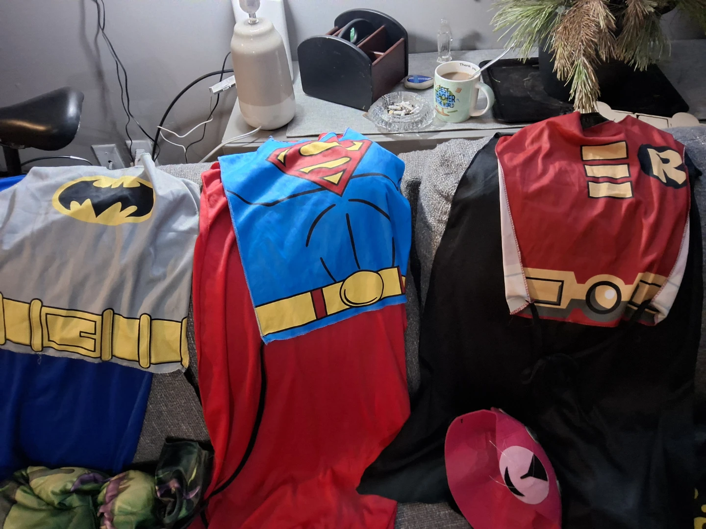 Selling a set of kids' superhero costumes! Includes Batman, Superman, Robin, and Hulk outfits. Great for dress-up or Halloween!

────────────────

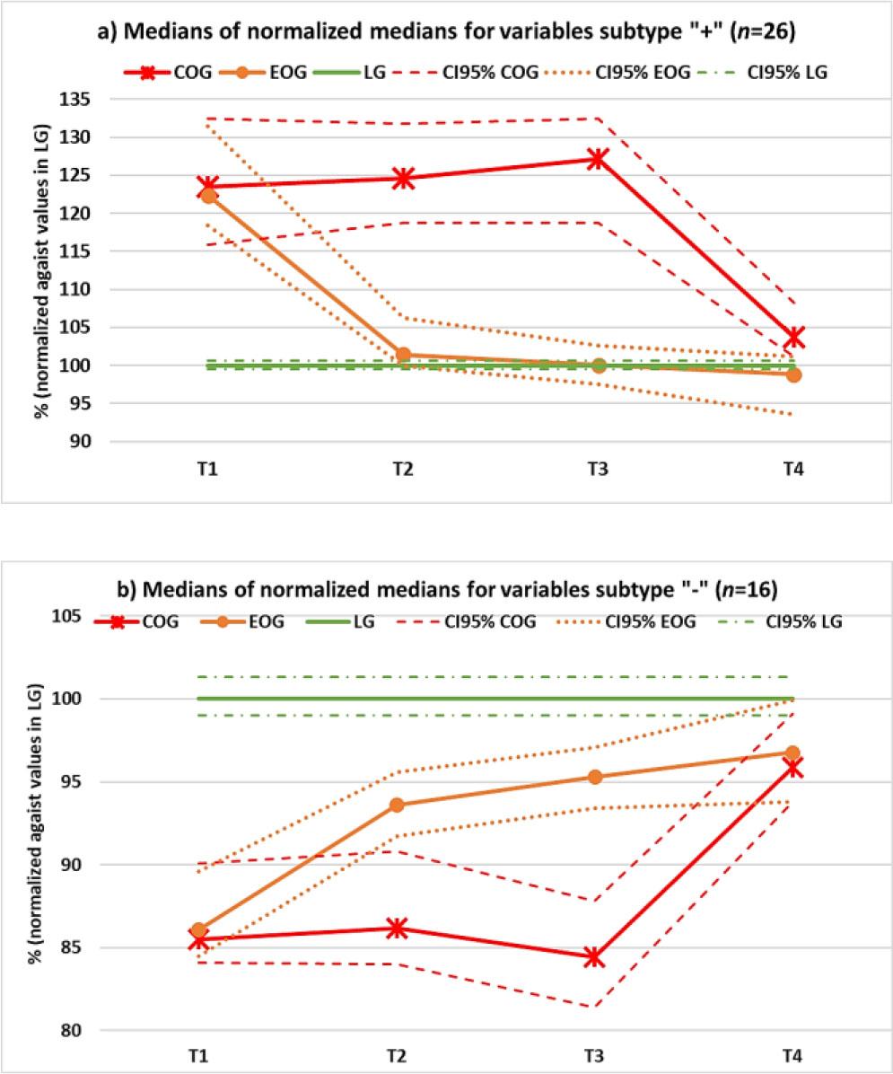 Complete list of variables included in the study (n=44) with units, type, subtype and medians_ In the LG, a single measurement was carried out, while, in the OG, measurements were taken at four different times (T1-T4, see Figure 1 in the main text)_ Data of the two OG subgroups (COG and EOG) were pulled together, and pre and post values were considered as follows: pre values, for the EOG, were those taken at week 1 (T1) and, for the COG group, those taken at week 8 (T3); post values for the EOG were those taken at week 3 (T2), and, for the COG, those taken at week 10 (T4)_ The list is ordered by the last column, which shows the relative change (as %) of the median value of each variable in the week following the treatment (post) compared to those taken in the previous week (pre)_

────────────────

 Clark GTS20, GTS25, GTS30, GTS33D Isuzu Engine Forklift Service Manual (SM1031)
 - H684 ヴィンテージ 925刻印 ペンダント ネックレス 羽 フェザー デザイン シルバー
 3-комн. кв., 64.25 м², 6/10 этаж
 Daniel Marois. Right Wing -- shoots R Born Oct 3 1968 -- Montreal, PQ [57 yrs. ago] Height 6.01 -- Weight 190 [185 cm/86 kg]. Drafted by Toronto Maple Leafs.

────────────────

Work to complete: Above are the records; copy exactly the lines from the line with "3-комн. кв., 64.25 м², 6/10 этаж" through the line with "Daniel Marois. Right", both included.

Result:
 3-комн. кв., 64.25 м², 6/10 этаж
 Daniel Marois. Right Wing -- shoots R Born Oct 3 1968 -- Montreal, PQ [57 yrs. ago] Height 6.01 -- Weight 190 [185 cm/86 kg]. Drafted by Toronto Maple Leafs.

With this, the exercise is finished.